India recorded a current account surplus of $4.7 billion [1] in April 2026, driven by strong services exports and remittance inflows.

This financial snapshot reveals a tension between India's growing services sector and its vulnerability to global commodity shocks. While the current account remains positive, significant capital flight and rising import costs are putting pressure on the nation's overall balance of payments.

The surplus occurred despite a widening merchandise trade deficit. Reports on the exact deficit vary, ranging from $27.9 billion [3] to $28.4 billion [4], though Livemint reported the figure at $28.38 billion [5]. This represents an increase from the $20.7 billion deficit recorded in March [4].

Contributing to the trade gap were higher crude-oil prices and a weakening rupee.

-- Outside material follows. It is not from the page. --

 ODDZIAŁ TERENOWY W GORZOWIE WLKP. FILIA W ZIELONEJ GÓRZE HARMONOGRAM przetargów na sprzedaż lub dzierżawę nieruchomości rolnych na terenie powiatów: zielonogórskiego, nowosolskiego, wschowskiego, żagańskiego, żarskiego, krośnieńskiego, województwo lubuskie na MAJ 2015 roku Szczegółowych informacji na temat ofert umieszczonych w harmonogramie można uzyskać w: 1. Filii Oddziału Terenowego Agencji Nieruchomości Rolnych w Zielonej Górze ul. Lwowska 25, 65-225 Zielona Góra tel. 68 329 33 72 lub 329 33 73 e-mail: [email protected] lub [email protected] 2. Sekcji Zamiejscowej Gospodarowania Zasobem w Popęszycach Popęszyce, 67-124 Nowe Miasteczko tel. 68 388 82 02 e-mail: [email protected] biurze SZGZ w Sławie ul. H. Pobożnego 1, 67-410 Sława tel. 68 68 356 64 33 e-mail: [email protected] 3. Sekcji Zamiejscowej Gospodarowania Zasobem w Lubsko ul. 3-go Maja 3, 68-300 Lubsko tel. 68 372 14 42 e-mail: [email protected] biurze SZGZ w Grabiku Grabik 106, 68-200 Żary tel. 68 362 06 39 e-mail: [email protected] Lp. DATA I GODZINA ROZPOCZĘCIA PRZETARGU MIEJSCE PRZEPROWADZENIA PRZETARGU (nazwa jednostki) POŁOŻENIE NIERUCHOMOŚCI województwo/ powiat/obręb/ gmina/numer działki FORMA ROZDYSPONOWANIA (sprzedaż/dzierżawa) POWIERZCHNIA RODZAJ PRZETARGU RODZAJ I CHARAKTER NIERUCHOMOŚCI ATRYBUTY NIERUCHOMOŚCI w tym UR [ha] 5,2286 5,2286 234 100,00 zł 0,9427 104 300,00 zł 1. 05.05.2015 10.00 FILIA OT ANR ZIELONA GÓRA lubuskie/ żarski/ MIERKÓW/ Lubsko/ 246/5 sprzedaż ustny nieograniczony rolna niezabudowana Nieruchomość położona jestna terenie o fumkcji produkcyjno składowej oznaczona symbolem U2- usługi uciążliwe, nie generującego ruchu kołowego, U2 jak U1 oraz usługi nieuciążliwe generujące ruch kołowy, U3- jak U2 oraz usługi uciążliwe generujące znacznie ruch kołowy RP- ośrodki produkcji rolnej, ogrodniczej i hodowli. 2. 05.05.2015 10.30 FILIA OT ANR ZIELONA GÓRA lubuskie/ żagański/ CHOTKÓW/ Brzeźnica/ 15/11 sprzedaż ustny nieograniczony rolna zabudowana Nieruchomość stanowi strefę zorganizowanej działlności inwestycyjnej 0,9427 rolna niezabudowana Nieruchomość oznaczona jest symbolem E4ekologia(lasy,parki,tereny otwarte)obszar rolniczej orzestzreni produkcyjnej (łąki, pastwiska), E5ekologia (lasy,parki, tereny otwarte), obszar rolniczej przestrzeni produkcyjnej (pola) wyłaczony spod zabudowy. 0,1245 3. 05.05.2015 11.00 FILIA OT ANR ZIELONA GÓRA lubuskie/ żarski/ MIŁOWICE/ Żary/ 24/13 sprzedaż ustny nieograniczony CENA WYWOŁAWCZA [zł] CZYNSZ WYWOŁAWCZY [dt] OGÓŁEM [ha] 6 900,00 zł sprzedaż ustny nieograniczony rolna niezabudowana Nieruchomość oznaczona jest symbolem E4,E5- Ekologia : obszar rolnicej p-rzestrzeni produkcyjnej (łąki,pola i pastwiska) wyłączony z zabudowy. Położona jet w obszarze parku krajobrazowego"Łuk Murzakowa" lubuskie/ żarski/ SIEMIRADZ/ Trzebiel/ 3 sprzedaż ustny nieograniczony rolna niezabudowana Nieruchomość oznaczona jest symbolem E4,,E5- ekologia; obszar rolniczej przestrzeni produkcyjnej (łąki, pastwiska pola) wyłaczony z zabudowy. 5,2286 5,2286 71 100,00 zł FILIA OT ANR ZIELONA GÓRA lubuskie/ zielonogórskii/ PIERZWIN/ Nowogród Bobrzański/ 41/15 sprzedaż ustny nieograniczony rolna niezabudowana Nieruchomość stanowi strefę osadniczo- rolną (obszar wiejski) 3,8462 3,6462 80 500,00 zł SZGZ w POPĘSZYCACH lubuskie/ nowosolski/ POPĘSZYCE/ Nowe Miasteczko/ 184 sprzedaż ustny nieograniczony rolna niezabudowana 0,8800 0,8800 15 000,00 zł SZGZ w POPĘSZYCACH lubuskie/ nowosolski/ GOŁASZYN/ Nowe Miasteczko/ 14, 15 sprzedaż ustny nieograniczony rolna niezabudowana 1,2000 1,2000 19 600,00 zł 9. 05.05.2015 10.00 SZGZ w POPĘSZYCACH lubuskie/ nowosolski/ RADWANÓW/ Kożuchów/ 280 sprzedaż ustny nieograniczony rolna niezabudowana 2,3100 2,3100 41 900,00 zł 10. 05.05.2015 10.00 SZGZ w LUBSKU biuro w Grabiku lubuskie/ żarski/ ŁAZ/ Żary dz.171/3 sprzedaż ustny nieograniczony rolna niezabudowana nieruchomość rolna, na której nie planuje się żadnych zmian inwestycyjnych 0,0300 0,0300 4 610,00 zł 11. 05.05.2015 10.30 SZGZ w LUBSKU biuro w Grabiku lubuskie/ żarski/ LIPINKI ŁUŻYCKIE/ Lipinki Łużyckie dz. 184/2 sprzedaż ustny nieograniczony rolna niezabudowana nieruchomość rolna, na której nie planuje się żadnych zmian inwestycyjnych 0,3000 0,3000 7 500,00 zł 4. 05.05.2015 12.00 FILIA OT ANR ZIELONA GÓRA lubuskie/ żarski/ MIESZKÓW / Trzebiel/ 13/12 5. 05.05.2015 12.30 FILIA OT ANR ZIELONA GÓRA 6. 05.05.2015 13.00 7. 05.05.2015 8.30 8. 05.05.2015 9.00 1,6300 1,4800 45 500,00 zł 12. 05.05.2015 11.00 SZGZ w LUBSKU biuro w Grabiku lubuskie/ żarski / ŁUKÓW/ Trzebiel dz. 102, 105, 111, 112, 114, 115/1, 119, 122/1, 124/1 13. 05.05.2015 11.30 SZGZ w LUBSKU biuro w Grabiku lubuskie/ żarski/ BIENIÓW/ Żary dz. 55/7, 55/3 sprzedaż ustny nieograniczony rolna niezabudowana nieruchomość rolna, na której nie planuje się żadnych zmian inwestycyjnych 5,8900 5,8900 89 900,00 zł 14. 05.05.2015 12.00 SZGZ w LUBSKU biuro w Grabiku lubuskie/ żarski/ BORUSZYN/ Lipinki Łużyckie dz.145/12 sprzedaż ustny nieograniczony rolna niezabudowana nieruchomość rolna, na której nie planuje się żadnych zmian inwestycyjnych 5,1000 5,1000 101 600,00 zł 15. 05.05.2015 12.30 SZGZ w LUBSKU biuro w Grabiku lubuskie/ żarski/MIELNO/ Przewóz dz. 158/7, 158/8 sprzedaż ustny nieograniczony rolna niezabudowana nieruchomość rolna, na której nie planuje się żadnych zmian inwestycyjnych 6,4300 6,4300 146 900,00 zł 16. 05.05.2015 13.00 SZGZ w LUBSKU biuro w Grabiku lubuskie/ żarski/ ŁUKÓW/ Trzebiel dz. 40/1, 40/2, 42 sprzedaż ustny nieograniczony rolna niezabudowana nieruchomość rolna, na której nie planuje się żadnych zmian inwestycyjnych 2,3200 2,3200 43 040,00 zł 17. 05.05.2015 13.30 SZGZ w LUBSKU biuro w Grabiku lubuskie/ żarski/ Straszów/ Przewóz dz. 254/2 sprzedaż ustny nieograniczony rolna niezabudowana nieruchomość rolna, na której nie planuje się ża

However, merchandise exports showed resilience, growing 13.8 percent year-on-year [4]. The current account surplus was primarily sustained by the surge in services exports and higher remittances from Indians working abroad [1].

Despite these gains, the overall balance of payments shifted into deficit due to heavy capital outflows. Net foreign portfolio investment (FPI) outflows reached $8.7 billion [2] during the month. These outflows, combined with the trade deficit, have tightened financial conditions within the country [6].

Economic analysts said that the combination of an oil shock and rupee weakness has exacerbated the volatility in foreign investment. The divergence between a healthy current account and a deficit in the balance of payments highlights the impact of global investor sentiment on the Indian economy [6].

India recorded a current account surplus of $4.7 billion in April 2026

The data suggests that while India's 'invisible' exports—services and remittances—are strong enough to maintain a current account surplus, the economy remains highly susceptible to external shocks. The massive FPI outflow indicates that foreign investors are reducing their exposure to Indian assets, likely due to the combined pressure of a weakening currency and rising energy costs, which can offset the gains made by the services sector.